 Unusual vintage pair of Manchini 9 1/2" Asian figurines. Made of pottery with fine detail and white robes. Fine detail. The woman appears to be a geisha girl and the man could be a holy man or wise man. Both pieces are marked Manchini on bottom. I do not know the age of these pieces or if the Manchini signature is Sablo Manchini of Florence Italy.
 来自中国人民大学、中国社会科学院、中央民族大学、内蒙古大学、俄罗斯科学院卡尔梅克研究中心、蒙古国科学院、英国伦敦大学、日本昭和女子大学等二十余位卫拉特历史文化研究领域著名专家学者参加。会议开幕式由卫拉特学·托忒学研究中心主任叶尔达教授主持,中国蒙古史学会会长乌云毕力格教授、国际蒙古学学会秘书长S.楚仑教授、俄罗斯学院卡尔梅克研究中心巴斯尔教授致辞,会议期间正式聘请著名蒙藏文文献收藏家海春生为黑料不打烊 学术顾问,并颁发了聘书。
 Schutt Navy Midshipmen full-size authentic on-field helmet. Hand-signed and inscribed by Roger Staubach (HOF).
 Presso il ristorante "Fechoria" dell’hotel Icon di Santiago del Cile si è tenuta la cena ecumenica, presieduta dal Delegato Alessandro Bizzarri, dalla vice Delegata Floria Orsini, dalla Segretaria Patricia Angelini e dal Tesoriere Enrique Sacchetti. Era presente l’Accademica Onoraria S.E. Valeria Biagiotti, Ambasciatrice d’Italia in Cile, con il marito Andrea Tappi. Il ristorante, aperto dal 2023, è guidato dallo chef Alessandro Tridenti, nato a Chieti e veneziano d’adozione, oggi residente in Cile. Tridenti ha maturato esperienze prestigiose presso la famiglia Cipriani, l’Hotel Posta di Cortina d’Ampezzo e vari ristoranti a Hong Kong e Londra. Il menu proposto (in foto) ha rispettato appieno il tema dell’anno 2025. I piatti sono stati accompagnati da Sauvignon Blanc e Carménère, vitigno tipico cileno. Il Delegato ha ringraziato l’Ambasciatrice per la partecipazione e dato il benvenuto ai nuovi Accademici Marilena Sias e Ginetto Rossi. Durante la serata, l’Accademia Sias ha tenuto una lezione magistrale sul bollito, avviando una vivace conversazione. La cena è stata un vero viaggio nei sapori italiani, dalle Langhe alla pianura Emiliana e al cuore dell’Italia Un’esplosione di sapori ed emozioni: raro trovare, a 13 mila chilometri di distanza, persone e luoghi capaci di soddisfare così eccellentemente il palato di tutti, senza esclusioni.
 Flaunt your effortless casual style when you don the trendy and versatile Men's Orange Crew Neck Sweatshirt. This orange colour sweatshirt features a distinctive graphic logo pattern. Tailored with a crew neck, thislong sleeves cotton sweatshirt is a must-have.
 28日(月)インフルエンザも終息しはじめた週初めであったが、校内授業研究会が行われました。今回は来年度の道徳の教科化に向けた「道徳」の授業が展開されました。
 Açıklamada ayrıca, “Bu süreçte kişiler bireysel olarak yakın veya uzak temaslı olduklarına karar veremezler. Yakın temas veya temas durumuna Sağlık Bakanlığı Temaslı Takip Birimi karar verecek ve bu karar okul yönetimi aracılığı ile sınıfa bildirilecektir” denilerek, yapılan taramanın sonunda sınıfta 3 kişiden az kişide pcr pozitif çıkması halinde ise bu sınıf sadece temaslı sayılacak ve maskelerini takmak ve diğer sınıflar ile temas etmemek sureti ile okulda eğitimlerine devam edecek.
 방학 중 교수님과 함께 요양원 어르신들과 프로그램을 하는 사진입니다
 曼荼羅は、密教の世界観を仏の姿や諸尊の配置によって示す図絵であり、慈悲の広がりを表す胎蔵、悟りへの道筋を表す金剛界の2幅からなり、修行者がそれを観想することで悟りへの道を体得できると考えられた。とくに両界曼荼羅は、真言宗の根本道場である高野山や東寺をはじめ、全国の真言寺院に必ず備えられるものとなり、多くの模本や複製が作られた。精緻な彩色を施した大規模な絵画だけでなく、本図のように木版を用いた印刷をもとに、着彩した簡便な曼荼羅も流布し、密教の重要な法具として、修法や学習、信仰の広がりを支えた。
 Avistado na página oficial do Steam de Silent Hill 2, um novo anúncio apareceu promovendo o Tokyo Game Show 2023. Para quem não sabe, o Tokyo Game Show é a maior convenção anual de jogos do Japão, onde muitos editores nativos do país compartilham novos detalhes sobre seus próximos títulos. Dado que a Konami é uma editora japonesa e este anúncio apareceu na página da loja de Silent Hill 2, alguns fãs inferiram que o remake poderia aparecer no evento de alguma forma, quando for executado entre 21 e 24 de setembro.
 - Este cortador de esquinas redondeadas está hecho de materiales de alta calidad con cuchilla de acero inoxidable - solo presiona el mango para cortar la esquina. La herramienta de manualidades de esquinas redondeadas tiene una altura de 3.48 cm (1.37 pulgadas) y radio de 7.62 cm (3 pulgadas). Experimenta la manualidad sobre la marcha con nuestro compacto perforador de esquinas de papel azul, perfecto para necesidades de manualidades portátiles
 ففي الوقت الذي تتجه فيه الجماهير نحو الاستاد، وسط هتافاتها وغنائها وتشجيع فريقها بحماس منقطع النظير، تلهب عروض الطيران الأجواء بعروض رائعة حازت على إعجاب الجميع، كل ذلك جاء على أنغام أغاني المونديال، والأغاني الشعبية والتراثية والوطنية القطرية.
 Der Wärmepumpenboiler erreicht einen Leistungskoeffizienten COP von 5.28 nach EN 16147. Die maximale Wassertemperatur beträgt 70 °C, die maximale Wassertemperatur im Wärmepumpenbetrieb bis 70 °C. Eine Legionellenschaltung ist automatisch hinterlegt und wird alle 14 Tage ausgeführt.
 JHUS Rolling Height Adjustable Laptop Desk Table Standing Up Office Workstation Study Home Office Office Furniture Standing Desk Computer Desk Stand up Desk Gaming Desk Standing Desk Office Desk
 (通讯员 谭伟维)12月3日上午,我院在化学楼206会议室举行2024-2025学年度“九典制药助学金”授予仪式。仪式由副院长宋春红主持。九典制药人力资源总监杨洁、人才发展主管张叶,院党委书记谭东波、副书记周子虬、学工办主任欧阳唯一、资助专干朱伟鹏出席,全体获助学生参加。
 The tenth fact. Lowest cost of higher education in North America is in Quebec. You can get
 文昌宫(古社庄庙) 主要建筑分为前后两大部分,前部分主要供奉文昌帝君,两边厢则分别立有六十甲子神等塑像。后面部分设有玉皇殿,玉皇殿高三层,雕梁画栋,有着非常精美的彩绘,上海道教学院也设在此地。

- [WORK ORDER]: Without dropping a single line, output the records above exactly.

- [RESULT OF THE EXERCISE]:
 Unusual vintage pair of Manchini 9 1/2" Asian figurines. Made of pottery with fine detail and white robes. Fine detail. The woman appears to be a geisha girl and the man could be a holy man or wise man. Both pieces are marked Manchini on bottom. I do not know the age of these pieces or if the Manchini signature is Sablo Manchini of Florence Italy.
 来自中国人民大学、中国社会科学院、中央民族大学、内蒙古大学、俄罗斯科学院卡尔梅克研究中心、蒙古国科学院、英国伦敦大学、日本昭和女子大学等二十余位卫拉特历史文化研究领域著名专家学者参加。会议开幕式由卫拉特学·托忒学研究中心主任叶尔达教授主持,中国蒙古史学会会长乌云毕力格教授、国际蒙古学学会秘书长S.楚仑教授、俄罗斯学院卡尔梅克研究中心巴斯尔教授致辞,会议期间正式聘请著名蒙藏文文献收藏家海春生为黑料不打烊 学术顾问,并颁发了聘书。
 Schutt Navy Midshipmen full-size authentic on-field helmet. Hand-signed and inscribed by Roger Staubach (HOF).
 Presso il ristorante "Fechoria" dell’hotel Icon di Santiago del Cile si è tenuta la cena ecumenica, presieduta dal Delegato Alessandro Bizzarri, dalla vice Delegata Floria Orsini, dalla Segretaria Patricia Angelini e dal Tesoriere Enrique Sacchetti. Era presente l’Accademica Onoraria S.E. Valeria Biagiotti, Ambasciatrice d’Italia in Cile, con il marito Andrea Tappi. Il ristorante, aperto dal 2023, è guidato dallo chef Alessandro Tridenti, nato a Chieti e veneziano d’adozione, oggi residente in Cile. Tridenti ha maturato esperienze prestigiose presso la famiglia Cipriani, l’Hotel Posta di Cortina d’Ampezzo e vari ristoranti a Hong Kong e Londra. Il menu proposto (in foto) ha rispettato appieno il tema dell’anno 2025. I piatti sono stati accompagnati da Sauvignon Blanc e Carménère, vitigno tipico cileno. Il Delegato ha ringraziato l’Ambasciatrice per la partecipazione e dato il benvenuto ai nuovi Accademici Marilena Sias e Ginetto Rossi. Durante la serata, l’Accademia Sias ha tenuto una lezione magistrale sul bollito, avviando una vivace conversazione. La cena è stata un vero viaggio nei sapori italiani, dalle Langhe alla pianura Emiliana e al cuore dell’Italia Un’esplosione di sapori ed emozioni: raro trovare, a 13 mila chilometri di distanza, persone e luoghi capaci di soddisfare così eccellentemente il palato di tutti, senza esclusioni.
 Flaunt your effortless casual style when you don the trendy and versatile Men's Orange Crew Neck Sweatshirt. This orange colour sweatshirt features a distinctive graphic logo pattern. Tailored with a crew neck, thislong sleeves cotton sweatshirt is a must-have.
 28日(月)インフルエンザも終息しはじめた週初めであったが、校内授業研究会が行われました。今回は来年度の道徳の教科化に向けた「道徳」の授業が展開されました。
 Açıklamada ayrıca, “Bu süreçte kişiler bireysel olarak yakın veya uzak temaslı olduklarına karar veremezler. Yakın temas veya temas durumuna Sağlık Bakanlığı Temaslı Takip Birimi karar verecek ve bu karar okul yönetimi aracılığı ile sınıfa bildirilecektir” denilerek, yapılan taramanın sonunda sınıfta 3 kişiden az kişide pcr pozitif çıkması halinde ise bu sınıf sadece temaslı sayılacak ve maskelerini takmak ve diğer sınıflar ile temas etmemek sureti ile okulda eğitimlerine devam edecek.
 방학 중 교수님과 함께 요양원 어르신들과 프로그램을 하는 사진입니다
 曼荼羅は、密教の世界観を仏の姿や諸尊の配置によって示す図絵であり、慈悲の広がりを表す胎蔵、悟りへの道筋を表す金剛界の2幅からなり、修行者がそれを観想することで悟りへの道を体得できると考えられた。とくに両界曼荼羅は、真言宗の根本道場である高野山や東寺をはじめ、全国の真言寺院に必ず備えられるものとなり、多くの模本や複製が作られた。精緻な彩色を施した大規模な絵画だけでなく、本図のように木版を用いた印刷をもとに、着彩した簡便な曼荼羅も流布し、密教の重要な法具として、修法や学習、信仰の広がりを支えた。
 Avistado na página oficial do Steam de Silent Hill 2, um novo anúncio apareceu promovendo o Tokyo Game Show 2023. Para quem não sabe, o Tokyo Game Show é a maior convenção anual de jogos do Japão, onde muitos editores nativos do país compartilham novos detalhes sobre seus próximos títulos. Dado que a Konami é uma editora japonesa e este anúncio apareceu na página da loja de Silent Hill 2, alguns fãs inferiram que o remake poderia aparecer no evento de alguma forma, quando for executado entre 21 e 24 de setembro.
 - Este cortador de esquinas redondeadas está hecho de materiales de alta calidad con cuchilla de acero inoxidable - solo presiona el mango para cortar la esquina. La herramienta de manualidades de esquinas redondeadas tiene una altura de 3.48 cm (1.37 pulgadas) y radio de 7.62 cm (3 pulgadas). Experimenta la manualidad sobre la marcha con nuestro compacto perforador de esquinas de papel azul, perfecto para necesidades de manualidades portátiles
 ففي الوقت الذي تتجه فيه الجماهير نحو الاستاد، وسط هتافاتها وغنائها وتشجيع فريقها بحماس منقطع النظير، تلهب عروض الطيران الأجواء بعروض رائعة حازت على إعجاب الجميع، كل ذلك جاء على أنغام أغاني المونديال، والأغاني الشعبية والتراثية والوطنية القطرية.
 Der Wärmepumpenboiler erreicht einen Leistungskoeffizienten COP von 5.28 nach EN 16147. Die maximale Wassertemperatur beträgt 70 °C, die maximale Wassertemperatur im Wärmepumpenbetrieb bis 70 °C. Eine Legionellenschaltung ist automatisch hinterlegt und wird alle 14 Tage ausgeführt.
 JHUS Rolling Height Adjustable Laptop Desk Table Standing Up Office Workstation Study Home Office Office Furniture Standing Desk Computer Desk Stand up Desk Gaming Desk Standing Desk Office Desk
 (通讯员 谭伟维)12月3日上午,我院在化学楼206会议室举行2024-2025学年度“九典制药助学金”授予仪式。仪式由副院长宋春红主持。九典制药人力资源总监杨洁、人才发展主管张叶,院党委书记谭东波、副书记周子虬、学工办主任欧阳唯一、资助专干朱伟鹏出席,全体获助学生参加。
 The tenth fact. Lowest cost of higher education in North America is in Quebec. You can get
 文昌宫(古社庄庙) 主要建筑分为前后两大部分,前部分主要供奉文昌帝君,两边厢则分别立有六十甲子神等塑像。后面部分设有玉皇殿,玉皇殿高三层,雕梁画栋,有着非常精美的彩绘,上海道教学院也设在此地。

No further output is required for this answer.